Enrichment analyses were performed using the Gene Ontology (GO) and Kyoto Encyclopedia of Genes and Genomes (KEGG) databases to further evaluate the biological function of DEGs in B. napus L. roots treated with UTE and CTE. GO annotation analysis showed that the DEGs of the 3 comparison groups could be divided into three ontologies: biological processes (BPs), molecular functions (MFs), and cellular components (CCs), as illustrated in Fig. S4. For KEGG enrichment analysis, the UTE vs. CK comparison revealed significant enrichment in the pathways of plant hormone signal transduction (114 genes), plant-pathogen interaction (100 genes), and starch and sucrose metabolism (85 genes). In the CTE vs. CK comparison, significant enrichment was observed in plant-pathogen interaction (77 genes), plant hormone signal transduction (75 genes), and starch and sucrose metabolism (50 genes) pathways. Lastly, in the CTE vs.
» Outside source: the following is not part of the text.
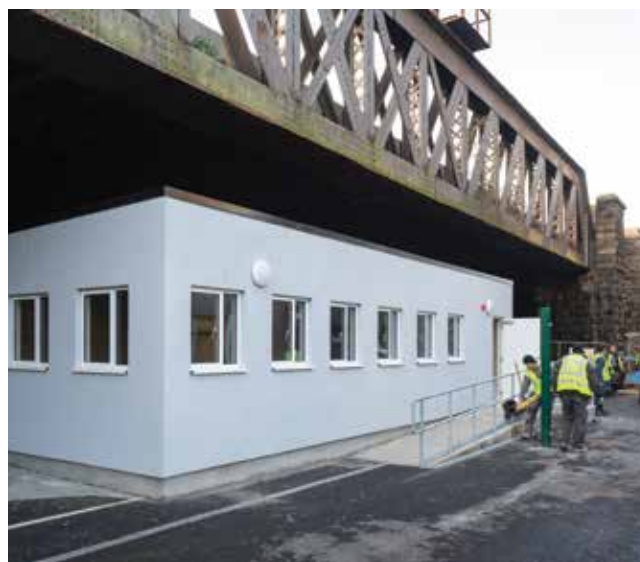
NEW UNIT FOR BALLYBOUGH U10S PROJECT

The positioning of this unit also represents an innovative use of a railway arch and will serve as an example of the potential for practical uses of other such spaces throughout the north east inner city. Discussions are ongoing with Iarnród Éireann in this regard."

UTE comparison, pathways with significant enrichment included plant hormone signal transduction (88 genes), phenylpropanoid biosynthesis (57 genes), and starch and sucrose metabolism (40 genes), as shown in Fig. 5c.

Fig. 5
figure 5

Transcriptomic analysis. (a) Venn analysis. (b) Volcano plots of upregulated and downregulate differential expression genes (DEGs), Green represents differentially down-regulated genes, red represents differentially up-regulated genes, blue represents nonsignificant differentially differentiated genes. (c) Top 20 KEGG pathway enrichment analysis.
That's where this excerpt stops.